STRATEGIC FACTORS INFLUENCING NEW
Organizational Structure and Culture
Organizational structure, leadership, and team building influence the speed and efficiency with which new products are introduced. Structure influences efficiency, autonomy, and coordination. New product innovation requires structure that optimizes direction and guidance. Structure that facilitates internal information exchange, decision making, and materials flow is essential. A “fast-cycle” structure allows more time for planning and implementing activities to gain competitive advantage. This type of structure also cuts costs because production materials and information collect less overhead and do not accumulate as work-in-process inventory. Autonomy refers to the amount of decision making allowed at lower levels of management. The coordination of the engineering, product designs, manufacturing, and marketing functions in the new product development process is vital.
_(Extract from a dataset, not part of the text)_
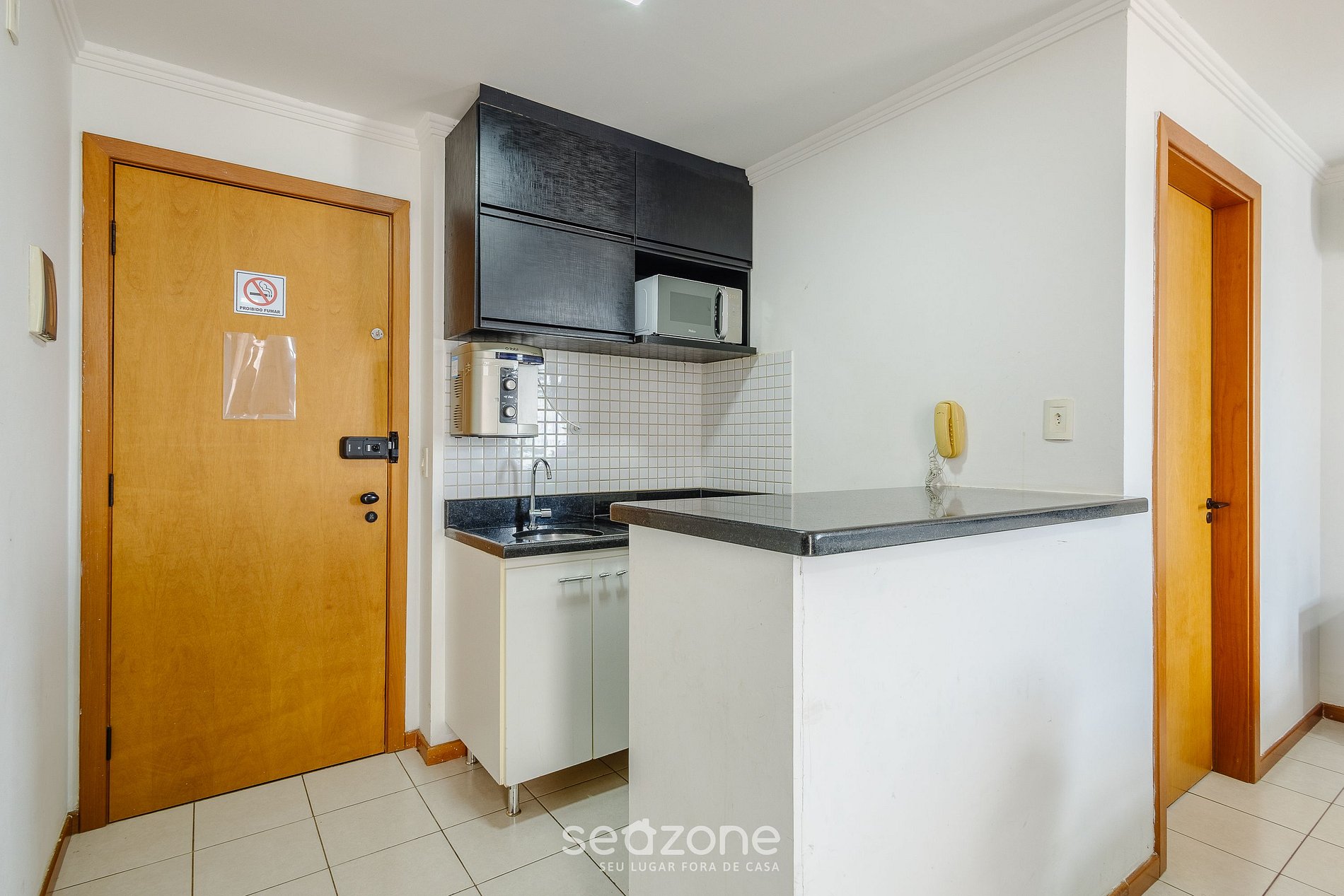 - Cozinha frigobar, fogão cooktop, micro-ondas, sanduicheira, cafeteira, liquidificador, taças de vinho, panelas, louças e utensílios;

Leadership influences strategy, culture, and the firm’s overall ability to undertake new product development. Top management can demonstrate involvement in the development process by providing career advancement for entrepreneurial skills and encouraging broad employee participation. Clarity and vision are crucial to ensuring that new product ideas are good strategic fits for the company. The degree to which leadership allows trial and error and promotes individual initiative positively influences the development of new products. This acceptance of risk and support for an entrepreneurial spirit within the organization are crucial in order for innovation to flourish.
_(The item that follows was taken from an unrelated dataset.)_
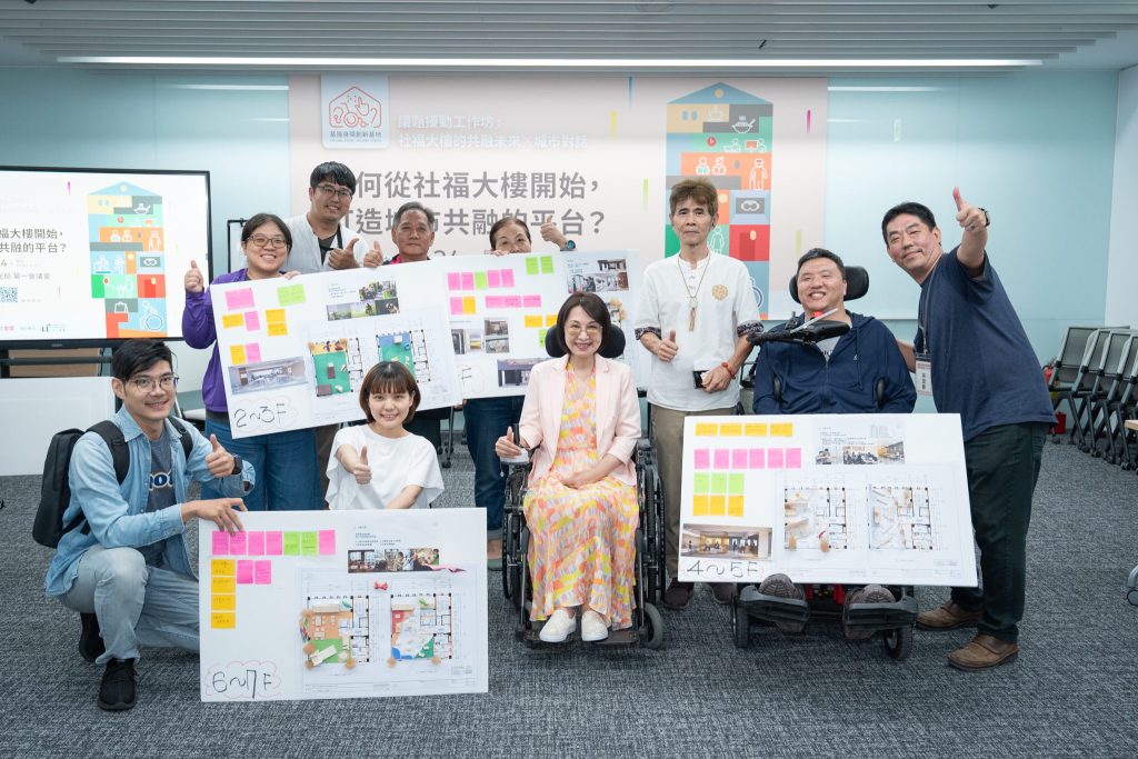 本次工作坊以「參與式設計」精神探索基隆社福大樓的未來角色,邀請松山文創園區總監趙釧玲、無障礙暨社福領域專家簡明山,與深耕基隆在地社區營造的建走共創整合有限公司負責人吳宜晏等三位不同領域講師,引導學員討論基地「資源串聯」、「社區共融」與「空間行銷」等三大面向議題,分組規劃行動方案並進行成果發表。各組學員發揮創意以手作模型、便利貼與海報呈現對於大樓服務體驗的想像與期待,並有學員融入五感體驗設計共融流水與香氛環境,現場更邀集基隆在地資源單位與外部專家與會交流,充分展現共融共創的力量。

New products emerge in a variety of ways and their development does not always proceed in rational and consistent manners. It is necessary for leadership to view the process as iterative and dynamic, and to foster adaptation and flexibility. Management flexibility and responsiveness to change also are needed. This type of leadership is particularly important to the project manager who must coordinate and integrate the various parts of the new product development process so that a coherent system emerges that produces a product with compelling value. Initiative encourages creativity and problem-solving skills.
Teams provide mechanisms for breaking down functional biases created by a strict adherence to structure. The amount of interdepartmental conflict in the organization, the social cohesion among team members, and the frequency and directionality of interdepartmental communication influence team building. Through shared understanding of the objectives and purposes of the project, as well as the tasks required in the development process, teams can shape the project and influence how work gets done in the organization.
Now a day technology continues to change and create new opportunities and threats. Customer requirements and expectations continue to shift and create new demands. Old channels of distribution are becoming obsolete and new channels are opening new opportunities. Some competitors are falling by the wayside while others are surging to the forefront by making new and unexpected moves to gain advantage. The very structure of industry is changing. A key to success in this tumultuous environment will continue to be the ability to sustain a competitive advantage through innovation. However, speed, efficiency, and quality in product development will be paramount. Building capabilities in all aspects of product creation and implementation, overcoming uncertainty and facilitating decision-making, ensuring these innovations are strategically linked to the firm’s vision, and doing this on a continuous basis is the challenge of new product development in the next century.